Nous produisons tous de la narration, nous participons à l’émergence de récits, fondés sur du réel ou imaginaires.

Un récit, c’est un thème mis en feuilleton et qui prend de l’importance. Produits par les médias, les récits le sont aussi par les citoyens depuis que les technologies individuelles de communication nous ont transformés en producteurs et diffuseurs. Ils sont façonnés avec des matériaux divers : des fictions, des manipulations, des opérations de communication, des informations…

Ces actes narratifs créent du réel.

Une campagne électorale est un grand récit, mitoyen d’une fiction. Éphémère, il anime néanmoins la vie de la société.

Mais alors quoi ?

Si nos productions narratives produisent du réel, en le façonnant ou en le transformant, on pourrait s’abandonner dans un à-quoi-bonisme : vrai et faux fabricant de la réalité, alors, comment et pourquoi agir s’interroge Patrick Busquet ?

La confusion la plus courante est celle entre communication et information. La communication est un geste narratif, très humain et très perfectionné. C’est celui d’une entreprise qui publie ses résultats sous un angle flatteur ; d’un citoyen qui s’enorgueillit d’une société qui lui a proposé un emploi à forte responsabilité alors qu’il s’est épuisé à envoyer des CV, susciter des rendez-vous, figurer dans des soirées pour l’obtenir, ou encore d’une ONG qui valorise sous forme de belles histoires ce qu’elle fait, etc. Bref, de tout le monde.

Si elle peut véhiculer des informations, des connaissances, la communication se distingue par son orientation.

Elle sert toujours un intérêt particulier. Elle intervient beaucoup par fabrication d’histoires, de légendes. Les amateurs de rugby à XV connaissent la légende de Webb Ellis, ce joueur anglais qui, lassé de jouer au football, aurait pris le ballon dans les mains et l’aurait déposé derrière les buts, donnant naissance au jeu de rugby. Webb Ellis est statufié.

Or, c’est faux.

Pierre Rivera le raconte dans son livre Essai en coin sur le rugby (Editions La Biscouette) : ce jeu a bien été inventé dans la ville de Rugby en Angleterre, mais par le pasteur Thomas Arnold, directeur de la Public School de cette ville. Il en a imaginé les règles de base pour faire vivre ensemble des grands maladroits, des gros qui ne courent pas vite, des maigres agiles, des petits rusés, etc.

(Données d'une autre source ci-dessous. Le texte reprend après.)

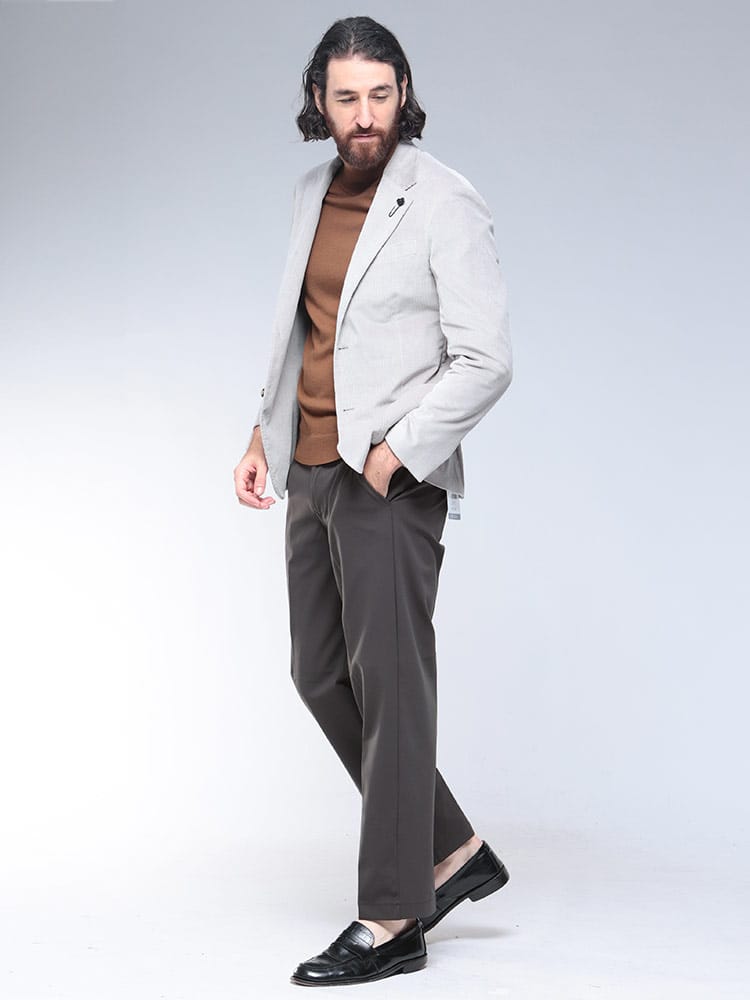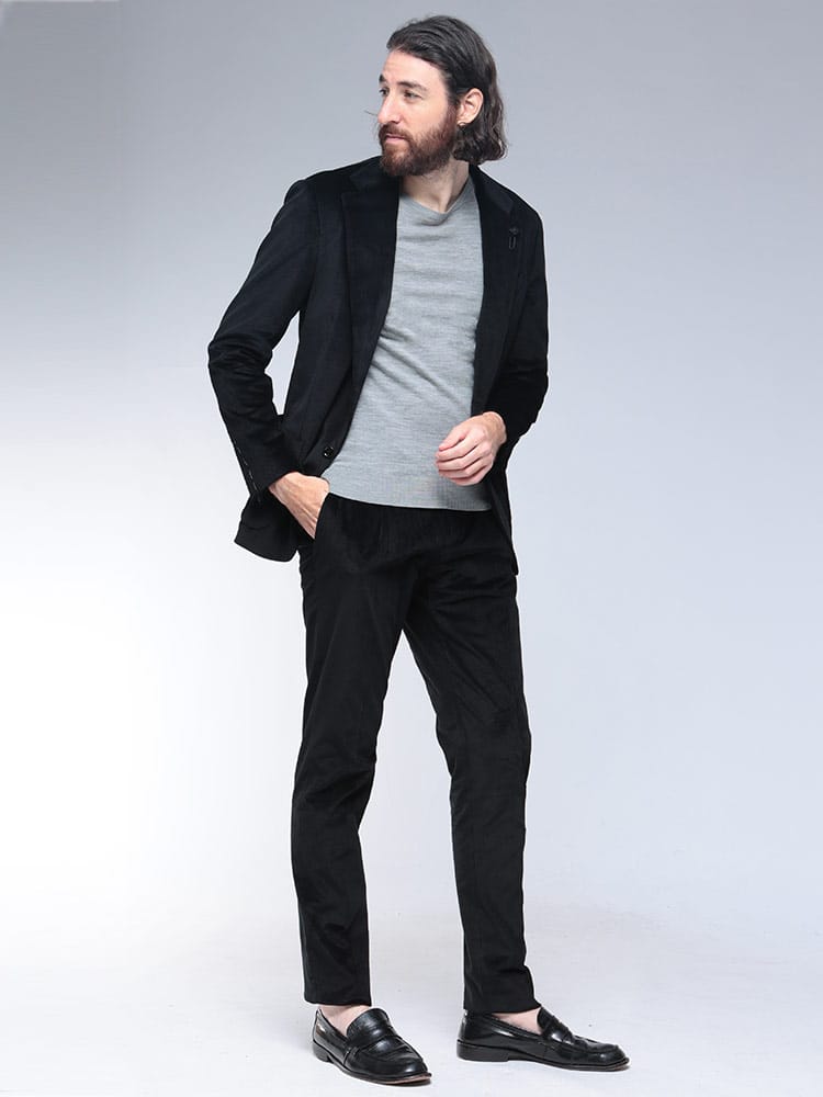 温かみのある上質なコーデュロイ素材を使用。ラルディーニらしい洗練された仕立てと、シングル2つ釦のクラシックなデザインが融合し、上品なカジュアルスタイルを演出します。同素材のアイテムと合わせれば、洗練されたセットアップスタイルが完成。秋冬の着こなしに深みと個性を加える、大人のための逸品です。

Les légendes érotisent le réel. Elles vivent plus confortablement que des informations. C’est de la communication, dit encore Patrick Busquet.

L’information, quant à elle, répond à un intérêt général. Il s’agit d’un contenu qui délivre de la compréhension, de la connaissance, du discernement, de l’aide au choix, à l’autonomie. D’un contenu vérifié. Reprenons l’exemple du rugby : les Néo-Zélandais, les All Blacks, sont les meilleurs joueurs au monde, pourquoi ? Peut-être parce qu’ils ont maintenu ce jeu dans l’univers éducatif, dans leurs écoles depuis le plus jeune âge et, qui plus est, en harmonie entre communautés culturelles différentes.

Et donc que faire et comment ?

À partir d’un fait, nous pouvons produire deux types de narrations : l’une communicante, avec plus ou moins de trituration du réel, voire d’artificialisation ; l’autre informationnelle, au plus près du réel, se déployant dans un esprit d’éveil au service du plus grand nombre.

Tout contact avec un contenu nous invite à regarder si les sources sur lesquelles il s’appuie sont citées, si elles sont recoupées, si elles sont sérieuses, si des voix expertes les confirment ou bien les infirment. Si ce n’est pas le cas, à procéder à la vérification de ce qui est dit, proposé, exposé, affirmé. Il faut rechercher la démonstration par la preuve.

À nous livrer à un doute créateur et, si nous le pouvons, à expérimenter ce dont nous prenons connaissance. C’est au prix de cet effort que la confiance se renforce, que le discernement nous permet de regarder les enjeux et les situations avec plus de justesse, conclut Patrick Busquet.

Entretien réalisé par Laurence Aubron et Cécile Dauguet.